Brian had taken a job as the director of the performing arts center in Carmel, and they moved out to Carmel Valley, along with Brian’s son, Ryan. It was a radical change of life for Beth – her first home outside of New England, removal from the arts world where she’d spent her whole career, and raising a son through a high-intensity adolescence. Beth switched gears professionally, and entered the world of textbook publishing, where she is now a VP and editor-in-chief for biological and environmental science at Pearson. (All of her old friends find this astounding for a music and English major, someone whom the College Board wanted to study, as the spread between her verbal and math SAT scores was amongst the highest they’d ever recorded.)
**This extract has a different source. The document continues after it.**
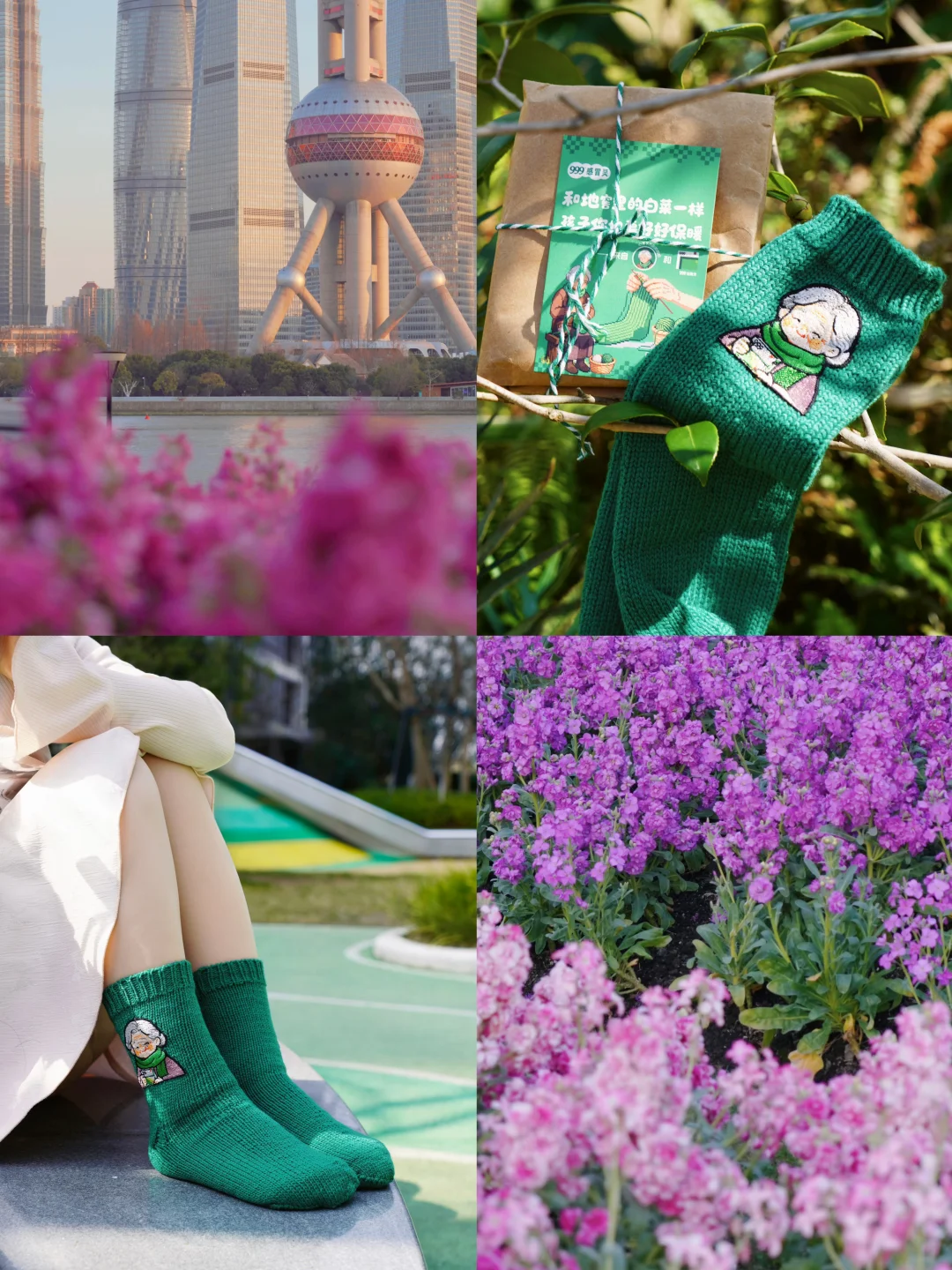 ❸江边风大,注意保暖。今天穿了双999感冒灵的"奶奶牌"手织袜去赏花——这不是普通的品牌周边,而是一场跨越代际的温暖共创

Brian retired about eight years ago, and Beth splits her time between working in the San Francisco office (and a small apartment in the Marina), and her home office in the backyard of their house in Carmel Valley. The house is spectacular – everything an iconic California house should be (even if the driveway did present the most extreme trailer-backing challenge of the trip, with an S-curve overlaid on two compound diagonal slopes with a gate in the middle).
It is built of concrete block, wood and glass, designed by Mark Mills, an employee of FL Wright’s who moved to Carmel to superintend the construction of the famous FLW house on the water, and then stayed on to start his own career. The detailing, materials, spaces, sequences and views out to the oak savannah hillside are amazing. Even more amazing is what Brian and Beth have done to restore it – when they bought it, there was wall-to-wall carpeting on the concrete slab floors, and three levels of window treatments obscuring the views. I am an incredible stickler when it comes to design decisions and workmanship in a project like this, but the work, which Brian has largely done himself, is sympathetic to the original design and impeccable. One bathroom, which Brian gut-remodeled with stone and a large skylight, beats out the campground in Apalachicola for our award for the most beautiful bathroom of the trip.
We had a wonderful time staying with Beth and Brian, in a beautiful environment where we felt at home and very comfortable, after months mainly spent in a tiny trailer. There were a few long, talk-filled dinners, including one where they had invited their lovely friends Kate and Richard, who had heard about our trip and wanted to meet us. It was great to see how good their life is, with a happy marriage and interesting careers, in a beautiful place surrounded by friends.
Brian didn’t know whether Greta had heard about our past history, so he was planning on being circumspect, until Beth told him it was okay. Beth and Brian now have two granddaughters, so they are well-attuned to teenage girls, and they and Greta hit it off instantly. As has happened before on this trip, I was pleased to see Greta make a good impression and acquire another surrogate aunt and uncle. For myself, it was wonderful to reconnect in a friendship with Beth that has lasted over half of our lives, and to spend enough time with Brian to figure out that we are now friends too.